*** Opening of SUPPLIED INFORMATION ***

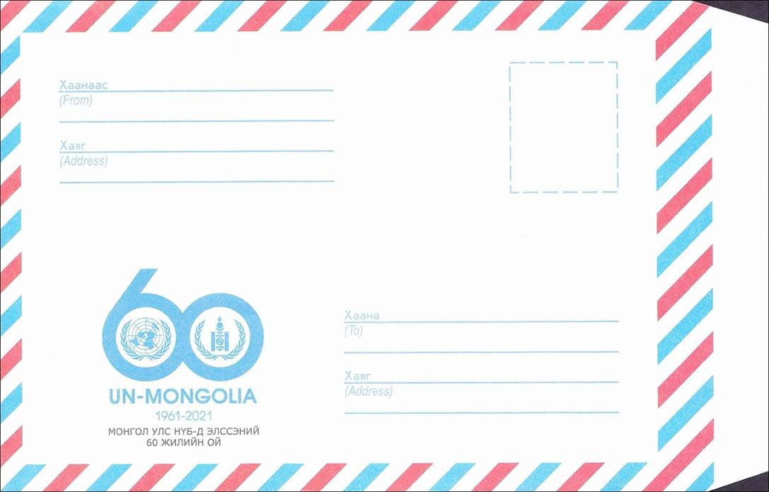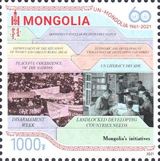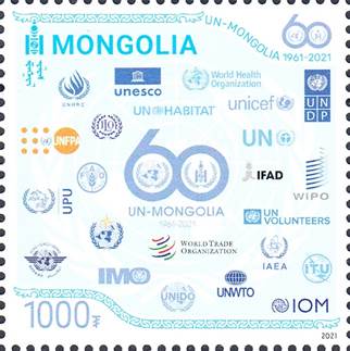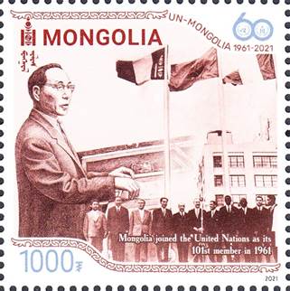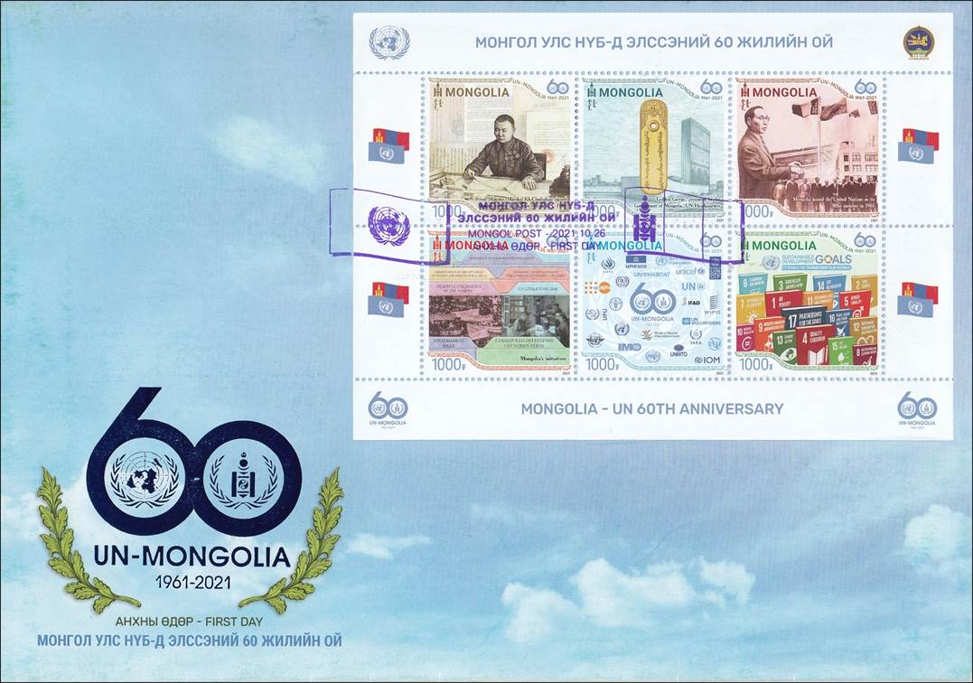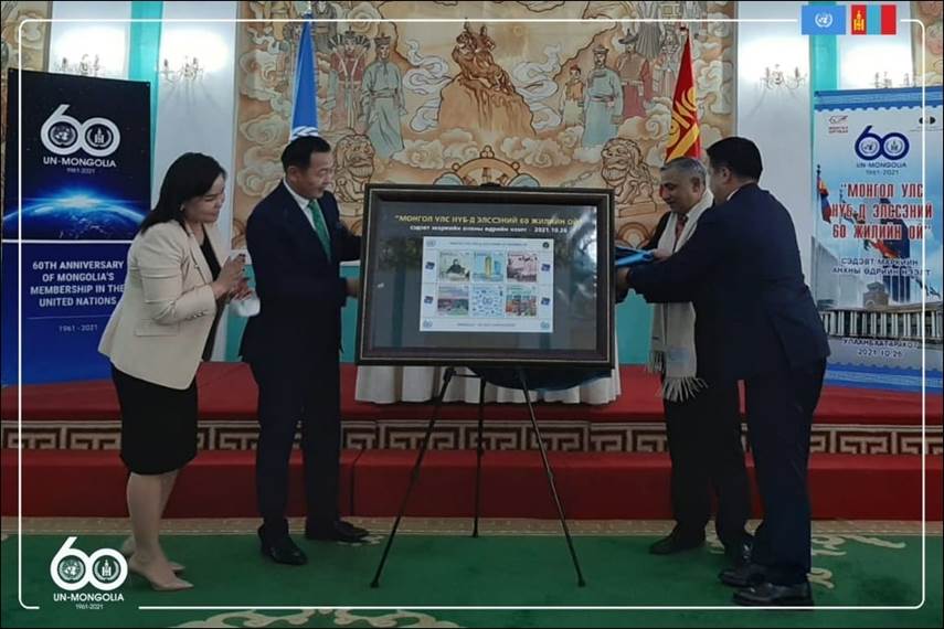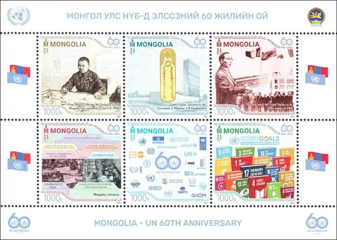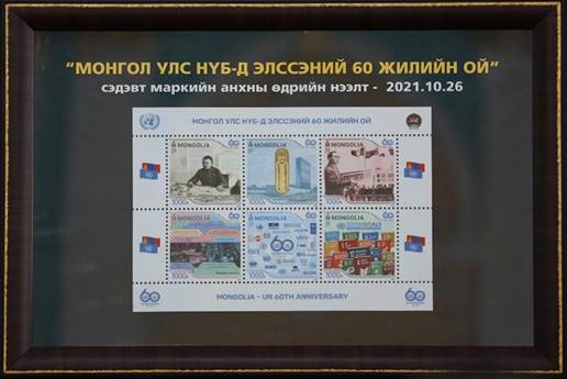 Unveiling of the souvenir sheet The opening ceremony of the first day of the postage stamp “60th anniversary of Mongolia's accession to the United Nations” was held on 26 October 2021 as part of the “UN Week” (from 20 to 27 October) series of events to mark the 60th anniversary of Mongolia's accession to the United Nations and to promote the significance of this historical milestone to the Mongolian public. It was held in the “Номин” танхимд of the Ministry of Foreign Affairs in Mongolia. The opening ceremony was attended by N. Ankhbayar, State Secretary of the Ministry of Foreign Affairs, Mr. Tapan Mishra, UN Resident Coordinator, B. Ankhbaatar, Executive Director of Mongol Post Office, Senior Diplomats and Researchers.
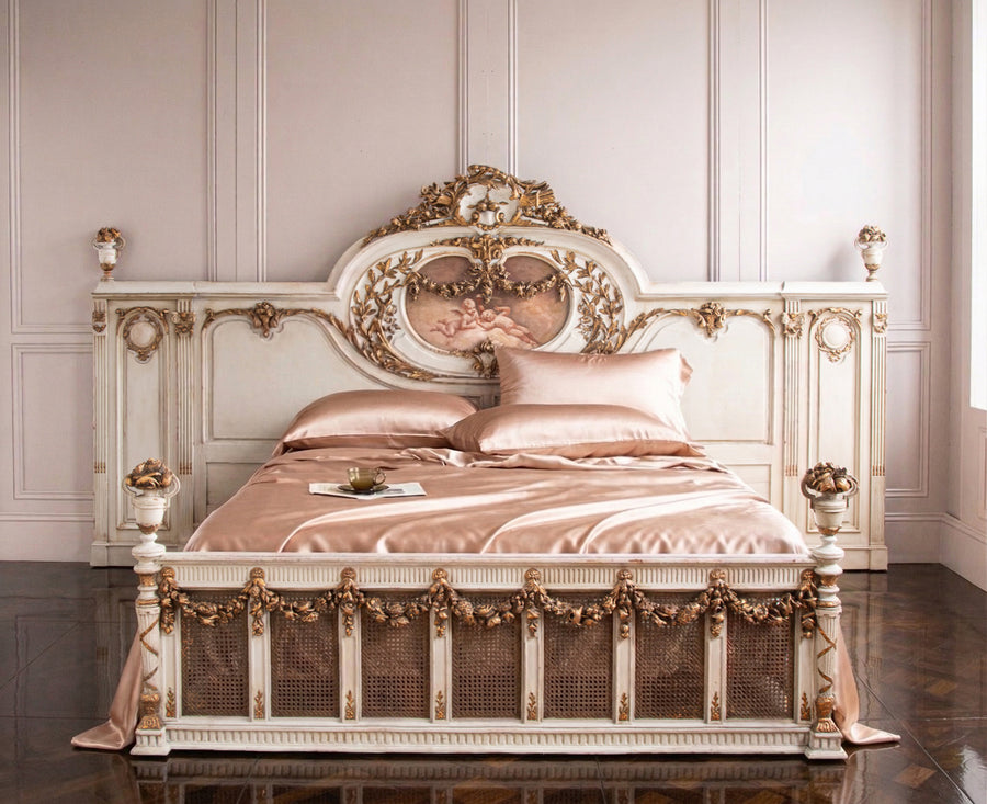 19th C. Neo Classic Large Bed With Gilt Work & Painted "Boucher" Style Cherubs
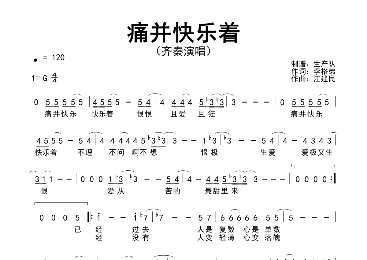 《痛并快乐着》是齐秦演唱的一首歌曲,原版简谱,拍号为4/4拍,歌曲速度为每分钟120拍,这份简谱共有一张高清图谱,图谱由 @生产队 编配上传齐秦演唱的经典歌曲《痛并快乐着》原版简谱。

*** Close of SUPPLIED INFORMATION ***
*** Opening of SUPPLIED INFORMATION ***

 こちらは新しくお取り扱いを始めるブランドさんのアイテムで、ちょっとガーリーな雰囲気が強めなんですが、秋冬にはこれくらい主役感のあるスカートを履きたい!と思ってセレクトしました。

*** Close of SUPPLIED INFORMATION ***
*** Opening of SUPPLIED INFORMATION ***

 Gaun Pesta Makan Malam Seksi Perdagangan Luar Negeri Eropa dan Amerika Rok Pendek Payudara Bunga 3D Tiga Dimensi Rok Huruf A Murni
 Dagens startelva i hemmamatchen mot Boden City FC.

*** Close of SUPPLIED INFORMATION ***

**EXERCISE**: Transcribe, from the material above, the stretch starting at the line with "Unveiling of the" and ending at the line with "19th C. Neo", both included, exactly. Do not carry over pictures.

**RESPONSE TO THE EXERCISE**:
 Unveiling of the souvenir sheet The opening ceremony of the first day of the postage stamp “60th anniversary of Mongolia's accession to the United Nations” was held on 26 October 2021 as part of the “UN Week” (from 20 to 27 October) series of events to mark the 60th anniversary of Mongolia's accession to the United Nations and to promote the significance of this historical milestone to the Mongolian public. It was held in the “Номин” танхимд of the Ministry of Foreign Affairs in Mongolia. The opening ceremony was attended by N. Ankhbayar, State Secretary of the Ministry of Foreign Affairs, Mr. Tapan Mishra, UN Resident Coordinator, B. Ankhbaatar, Executive Director of Mongol Post Office, Senior Diplomats and Researchers.
 19th C. Neo Classic Large Bed With Gilt Work & Painted "Boucher" Style Cherubs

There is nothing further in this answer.